1857-09-191932-12-27

Gardener, school principal, proponent of women's issues

Ida Schmidt was a master gardener who ran one of the first gardening schools for women in Sweden. She was involved in the women’s movement and was one of the country’s first women members of a municipal council and pensioners’ committee as well as the household association.

Ida Schmidt was born in a wealthy family in Karlshamn in 1857. Her father Herman Schmidt is called a wholesale merchant in his estate inventory, but there is also information that he was a bank director. Her mother was Carolina Schmidt, née Böös. Ida had three sisters, Thérèse, Thekla and Louise. Of the four, Louise seems to have been the only one to get married.

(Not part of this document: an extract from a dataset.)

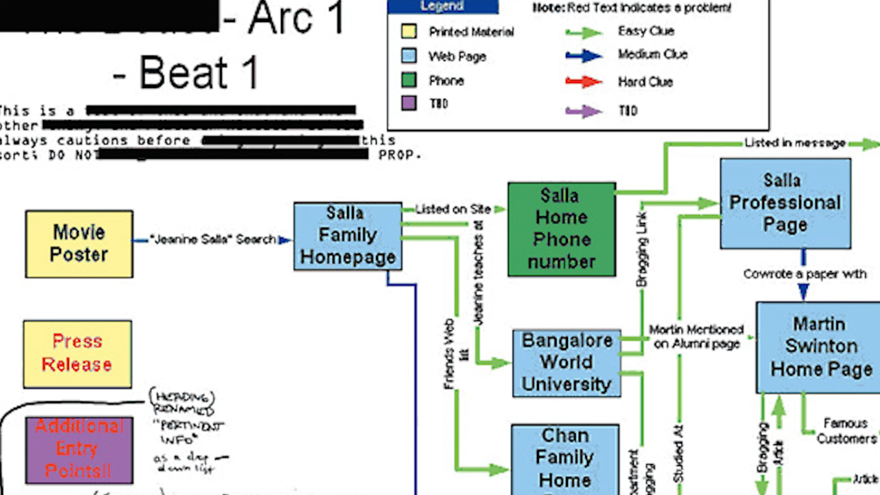 “Jordan’s idea was that we would tell a story that was not bound by communication platform: it would come at you over the web, by email, via fax and phone and billboard and TV and newspaper, SMS and skywriting and smoke signals too if we could figure out how. The story would be fundamentally interactive, made of little bits that players, like detectives or archaeologists, would discover and fit together. We would use political pamphlets, business brochures, answering phone messages, surveillance camera video, stolen diary pages… in short, instead of telling a story, we would present the evidence of that story and let the players tell it to themselves.”

Between 1900 and 1910, Ida Schmidt ran a gardening school for women: Agdatorps trädgårdsskola in the southern Swedish province of Blekinge. This was one of the first horticultural educations available to women in Sweden. Previously, a course for women had for a short period existed at Rudolf Abelin’s gardening school at Norrviken in the province of Östergötland, as well as one at a school in the central Swedish province of Närke, run by Stina Swartling. Ida Schmidt started her gardening school outside Karlshamn, and moved it some years later to the farm Agdatorp outside Karlskrona. Her colleague Sigrid Hård af Segerstad was also involved in starting up the school.

Apart from running the gardening school at Agdatorp, Ida Schmidt was active for many years in Karlshamn in the women’s suffrage association Föreningen för kvinnans politiska rösträtt (FKPR, a local branch of the national Landsföreningen för kvinnans politiska rösträtt, LKPR), and she was its chairperson in 1905. Between 1906 and 1914 she was a member of the gardening committee Kommittén för trädgårdsskötselns befrämjande that belonged to the household association Blekinge läns hushållningssällskap. She seems to have been the only woman in any of the association’s committees during these years.

Ida Schmidt was elected to the municipal council in Karlshamn for the liberals in 1910, the first year this was possible for women. She was also a member of the pensioner's committee in Karlshamn from 1914, as one of the first women, since a new law on pensioner's committees allowing women to be elected had come into force the same year. In connection with Ida Schmidt’s sixtieth birthday in 1917, she was celebrated in the magazine Idun, with a photo and a short text in which her time as a municipal politician was mentioned. She was described as ”communally very interested”. Apart from this engagement, Ida Schmidt took the initiative to the local section of the Red Cross in Karlshamn and was its secretary in 1914—1927.

Ida Schmidt had completed her horticultural education in Germany, Denmark and Finland as well as in Sweden. Among her educational merits are several of the few gardening schools open to women at that time: Charlottenburg in Germany, clergyman’s wife Nora Pöyhönen’s school in Finland and Rudolf Abelin’s gardening school in Östergötland. Sigrid Hård af Segerstad described her in 1906 as ”one of the most, not to say the most assiduous and purposeful of all, in her studies and work for gardening”.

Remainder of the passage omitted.